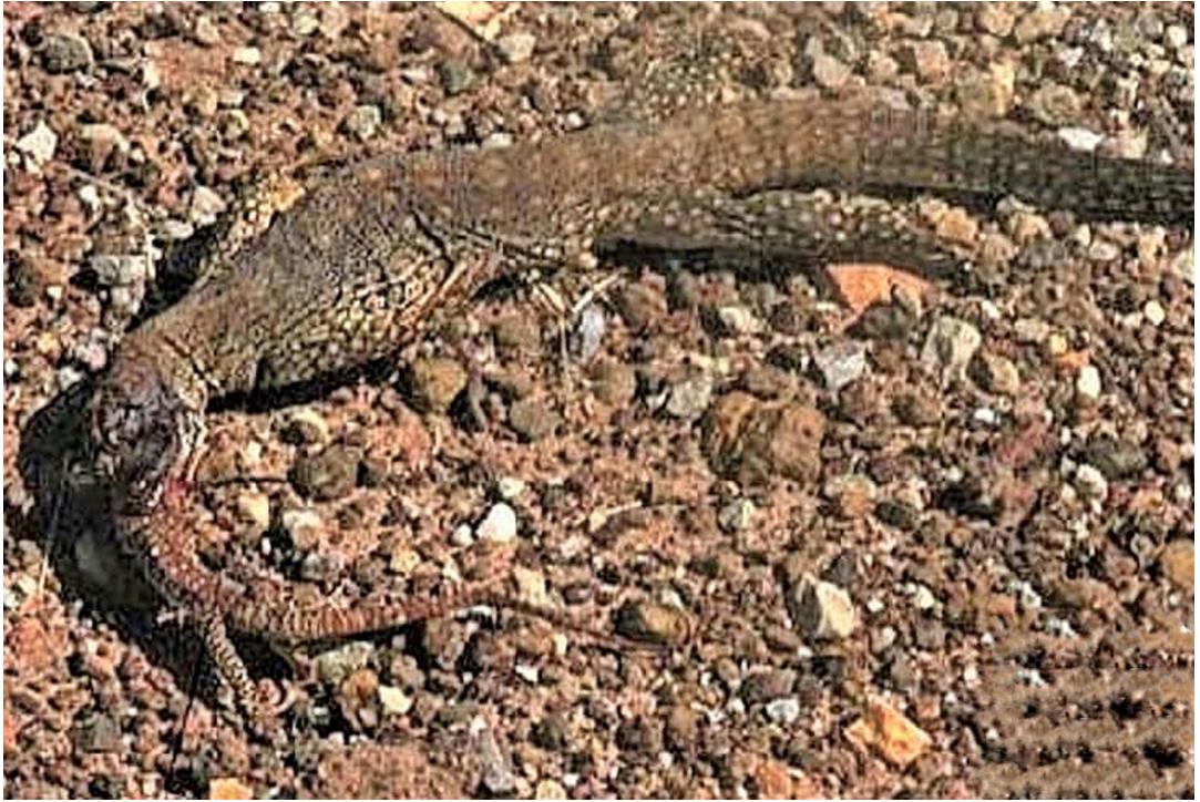
Figure 6. A Sand Goanna ( Varanus gouldii ), killed on the road while in the process of consuming a juvenile of its species on the Main Darwin Highway, Katherine, Northern Territory, Australia. December, circa 1995.
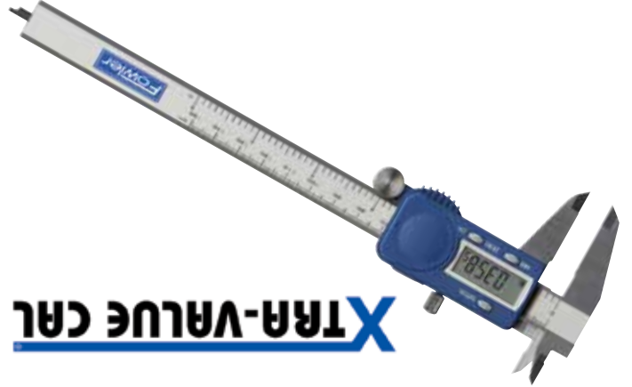
6"/150mm Electronic Calliper
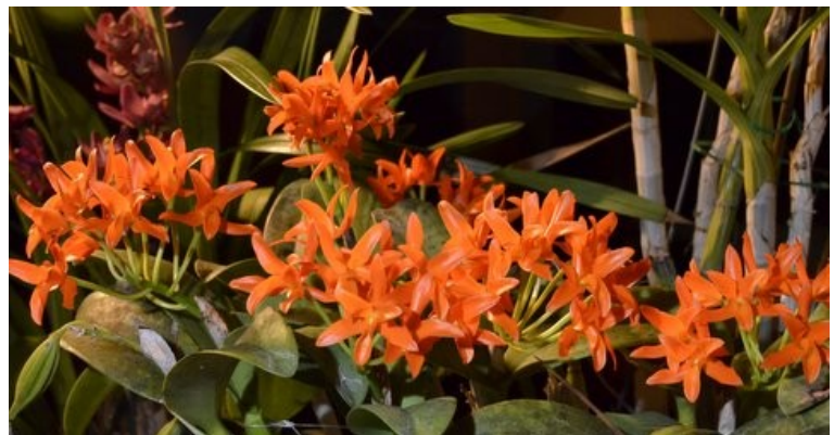
3 rd Place Ribbon: C. aurentiaca Grown by Nick Plummer
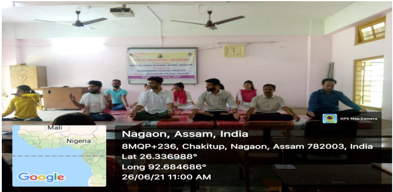
FIGURE 2: YOGA TRAINING SESSION
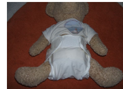
Put cover on over diaper, folding down top portion if necessary
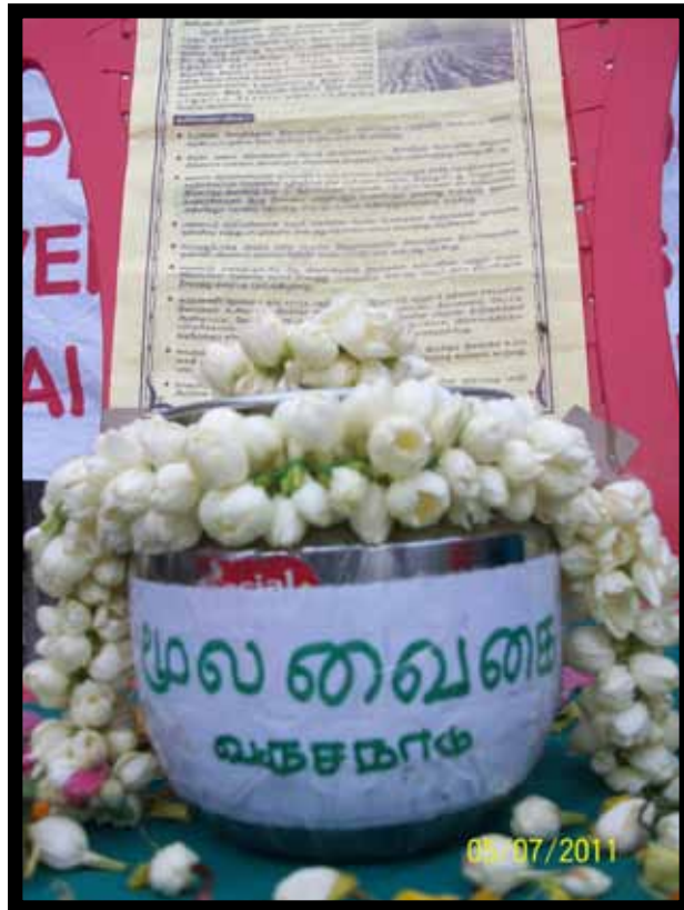
The water collected from the source of Vaigai in Varusanadu
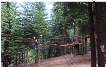
The Keys of Butii
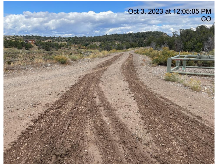
Photo # 1376 Vehicle tracking onto lease road/insufficient tracking BMP's
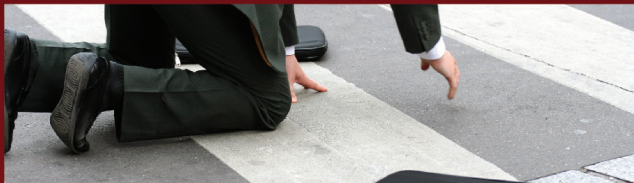
Slip and Falls
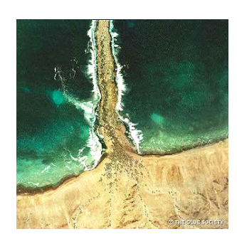
Figure 3: Crossing Red Sea.

Figure 2: Size and scale of the object known as "Alien spaceship" photographed at the Moon Luna 17s 117.5 E.
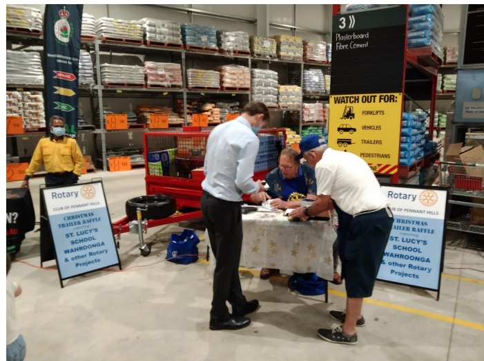
A couple of photos of the evening at Bunnings last Thursday
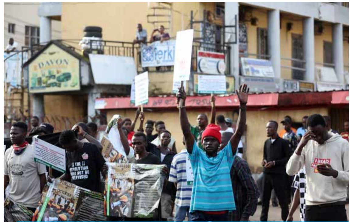
Protesters carry placards during the "Fearless In October" protest over bad governance in Abuja, Nigeria on October 1, 2024. — AFP

Bhutan saw around 100,000 foreign arrivals last year, part of the kingdom's efforts to protect its environment and culture from overtourism by levying a $100 daily charge to most visitors. — AFP

____________

## PROBLEM DESCRIPTION
With the pictures left out, give again exactly the lines from the one that contains "The Keys of Butii" through the final line of the data above.

## RESULT OF THIS EXERCISE
The Keys of Butii
Photo # 1376 Vehicle tracking onto lease road/insufficient tracking BMP's
Slip and Falls
Figure 3: Crossing Red Sea.

Figure 2: Size and scale of the object known as "Alien spaceship" photographed at the Moon Luna 17s 117.5 E.
A couple of photos of the evening at Bunnings last Thursday
Protesters carry placards during the "Fearless In October" protest over bad governance in Abuja, Nigeria on October 1, 2024. — AFP

Bhutan saw around 100,000 foreign arrivals last year, part of the kingdom's efforts to protect its environment and culture from overtourism by levying a $100 daily charge to most visitors. — AFP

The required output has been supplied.